- Carterville, Montana Carterville, Montana
- Coordinates: 46°17′58″N 106°28′03″W﻿ / ﻿46.29944°N 106.46750°W
- Country: United States
- State: Montana
- County: Rosebud
- Elevation: 2,503 ft (763 m)
- Time zone: UTC-7 (Mountain (MST))
- • Summer (DST): UTC-6 (MDT)
- Area code: 406
- GNIS feature ID: 769633

= Carterville, Montana =

Carterville (or Cartersville) is an unincorporated community in Rosebud County, Montana, United States.

==History==
Carterville (variant name Cartersville) was platted with streets and lots early in the 1900s. The village eventually had a general store, grocery store, post office, beer tavern, elementary school serving grades 1–8, and Milwaukee railroad depot.

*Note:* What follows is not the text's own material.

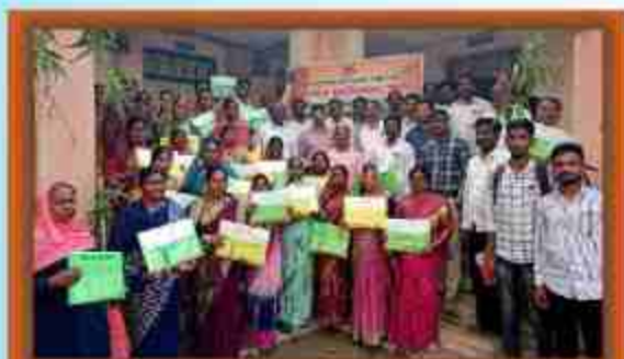
Participants of workshop along with staff of CDT, Udgir

The businesses closed in the 1950s. The post office was established in 1909, and remained in operation until it was discontinued in 1957. The post office building also housed a small grocery store. Carterville Elementary School taught grades 1-8 until the late 1950s, and grades 1-6 later. The elementary school report cards issued to students stated that the school name was Carterville (not Cartersville). Students in higher grades would be bused to Rosebud High School, located south of Yellowstone River in Rosebud, Montana. Farmers and ranchers in the area continue to benefit from the Carterville Irrigation Dam Project, supplying a canal of water originating at a diversion dam in the Yellowstone River in Forsyth, Montana. The canal is 27 miles long, and serves 9,793 acres planted in alfalfa, corn, wheat, and other grains.
Milwaukee Railroad operated a railroad depot in Carterville, and closed before the railroad suspended operation, and right-of-way lands sold back to landowners.

The community was named for Thomas H. Carter, a United States Senator from Montana who owned land there.